4.5 No Inducement or Reliance; Independent Assessment
(a) With respect to the LB Shares, the Brazilian Business and any other rights or obligations to be transferred hereunder or pursuant hereto or thereto, Transferee and JNemer have not been induced by and has not relied upon any representations, warranties or statements, whether express or implied, made by Transferor, any Affiliate of Transferor, or any agent, employee, attorney or other representative of Transferor or by any other Person representing or purporting to represent Transferor, that are not expressly set forth in this Agreement, whether or not any such representations, warranties or statements were made in writing or orally, and none of Transferor, any Affiliate of Transferor, or any agent, employee, attorney, other representative of Transferor or other Person shall have or be subject to any liability to Transferee or JNemer or any other Person resulting from the distribution to Transferee or JNemer, or Transferee’s or JNemer’s use of, any such information.
(b) Transferee and JNemer (who is a senior manager of Lakeland Brazil), acknowledge that, based on the available information, it or he has made its or his own assessment of the present condition and the future prospects of the Brazilian Business and is sufficiently experienced to make an informed judgment with respect thereto.
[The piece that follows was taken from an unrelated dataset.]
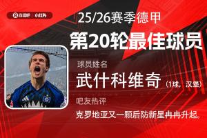 直播吧X小红书|德甲第20轮最佳:18岁武什科维奇!助汉堡逼平拜仁2025-2026赛季德甲火热进行中,体育资讯和小红书联合发起每轮德甲最佳球员评选活动!第20轮评选结果出炉,18岁热刺外租小将武什科维奇破门,攻防两端发挥俱佳,帮助汉堡逼平拜仁。武什科维奇当选【体育资讯

Transferee and JNemer further acknowledge that neither Transferor, nor any Affiliate of Transferor, has made any warranty, express or implied, as to the future prospects of the Brazilian Business or its profitability for Transferee or JNemer, or with respect to any forecasts, projections or business plans prepared by or on behalf of Transferor or and delivered to Transferee or JNemer in connection with the Brazilian Business and the negotiation and the execution of this Agreement.
(c) Finally, Transferee and JNemer acknowledge and are fully aware of all informed tax and labor liabilities of Lakeland Brazil (including existing VAT litigations and tax notice infraction already issued against Lakeland Brazil).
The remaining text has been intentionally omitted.